Ashes and stones are all that is left,
Of the garden I loved to tend.
Zucchini and purple onions,
Peppers and blueberry bushes,
Row after row of prolific treasures,
Burned,
Banished,
Out of existence.

Onion and Ghost…

Onion,
My sister’s little terrier,
Who knew exactly what happened,
Who barked at the ash filled sky,
Onion,
The little terrier,
Who missed Aurora,
His watcher,
My sister…
My beautiful and wild sister.

Ghost,
The white grey hound,
A ghost dog,
White as a cloud,
Moving through the woods like mist,
The ghost dog,
Who resembled sorrow.

Onion and Ghost,
My two constant companions,
Who like me,
Have had their lives split into two halves,
The first, one of happiness and abundance,
The second, one of ashes and stones.

My neighbor…

The old woman,
Whose house stood in the woods,
Surrounded by an apple orchard,
The old woman,
Who had thrown stones to drive away,
The looters in my garden.

The old woman,
Who I repaid,
With a bucket and mop,
And made her house shine.

This old woman,
Wise and friendly,
Who traded birdseeds
For my bread loafs.

The Forgetting Shack…

The Forgetting Shack,
Where boys and girls drink gin to forget,
Where Heather Jones, with her white dress,
Dances around the fire,
Alone and lost.

Heather Jones,
Whose parents had perished,
Just as mine had.
Heather Jones,
Whom I gave my mother’s blue dress.

Heather Jones,
Who danced around the fire at the Forgetting Shack,
Whose feet were ****** from dancing all night,
Whose eyes were empty and sad.

Heather Jones,
Who soon disappeared,
Too busy with trying to forget.

Heather Jones,
Whose blue dress,
I found in torn pieces,
In the ashes of the fire.

Diamond…

The boy who ran from the fire,
Ran across the river,
In search of his mother,
Her portrait close to his heart.

The boy who didn’t speak,
The boy who was tired of running,
Who stood still as a shadow in my doorway,
Who wore his black hood to hide his eyes.

This boy,
Who I named Diamond…

Diamond,
With his hidden voice,
Me,
With my clouded eyes.

Leafs that were once black, now an apple green…
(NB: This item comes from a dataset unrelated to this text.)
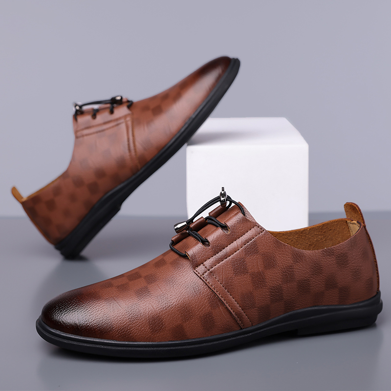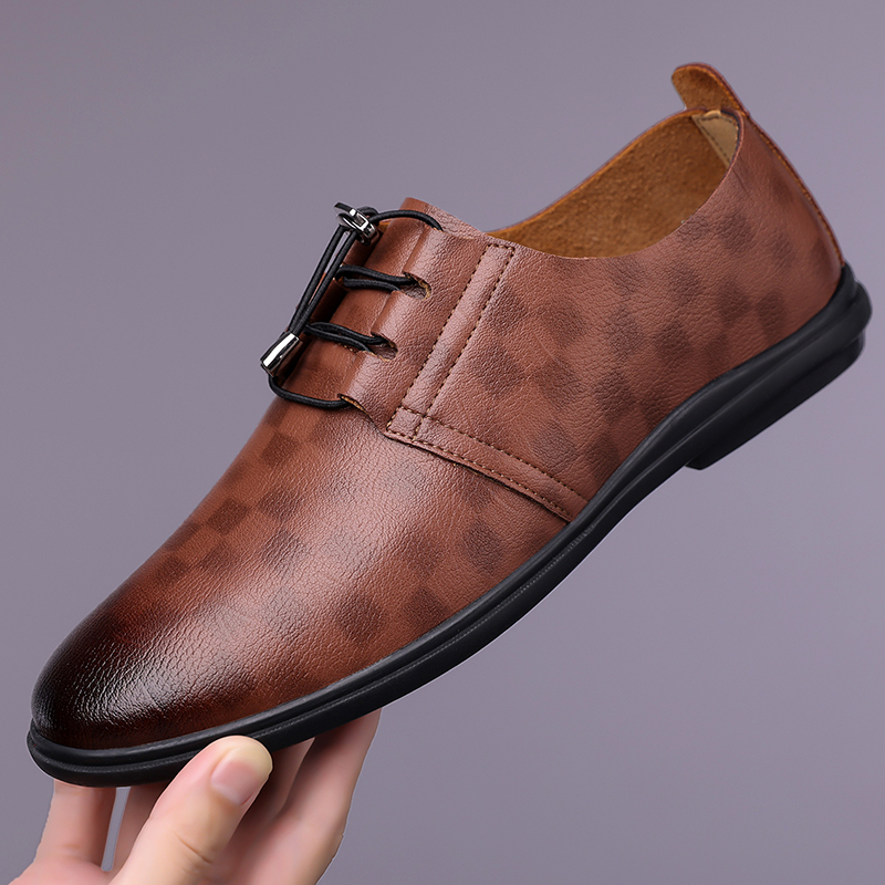 皮鞋男秋季新款真皮透气商务休闲鞋一脚蹬软底舒适驾车男士豆豆鞋
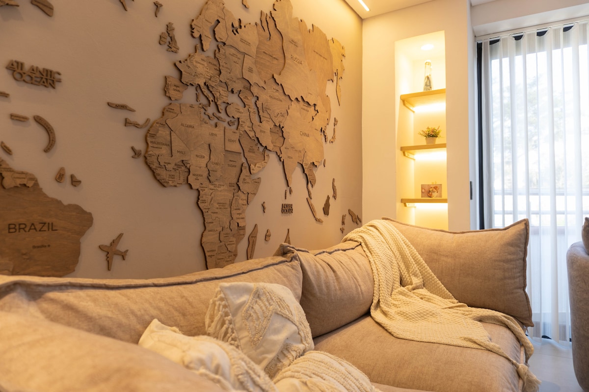 C'est un appartement lumineux et central à Bello Cabañas. Il dispose de deux salles de bains complètes, salle à manger, poste de travail, cuisine. Il dispose de trois chambres, chacune avec son propre placard. La chambre principale dispose d'un lit queen size, d'une salle de bain privée. Il est à 5 minutes à pied des centres commerciaux tels que Fabricato et Metro Bello, où vous trouverez une grande variété de restaurants, de magasins, etc. C'est un appartement entièrement équipé pour les clients individuels ou les familles.

There was Onion and Ghost,
The sparrows and the wind,
And now there was Diamond.

I soon found myself singing,
Dancing,
Smiling.

The black ink leaves,
The black ink roses…
Slowly transforming into
Apple green.

Where did this change come from?
I was Ash,
With black ink in my skin,
With gray clouded eyes…

Green…*

Diamond is gone,
Diamond, who brought about change,
Diamond…
Who kissed me goodbye.

I missed Diamond,
Who painted watercolors,
Who believed the garden would grow again.

I missed Heather Jones,
Who wore my mother’s blue dress,
Who danced too close to the fire.

I missed Ghost,
A white mist through the trees,
A ghost dog,
Who resembled sorrow.

Most of all,
I missed my sister,
Aurora,
My beautiful, wild sister,
Who chased frogs through the mud.

I dreamed of those I missed,
I woke crying,
I cried away the cloudiness in my eyes,
Sun shown out the window,
Seedlings grew in the garden.

From then on, there was no Ash,
Ash blew away with the wind.

I was Green again,
Green who tended the garden,
Green who sang with the sparrows,
Green who danced in the sun,
Green who smiled.











*For my english class, we were assigned an independent reading project, and I chose to write a poem from the main character's perspective. The book is called "Green Angel" and the author is Alice Hoffman. Hoffman is one of the most beautiful writers of all time, and her books are extroadinary! I strongly suggest all you hello poetry friends to read it!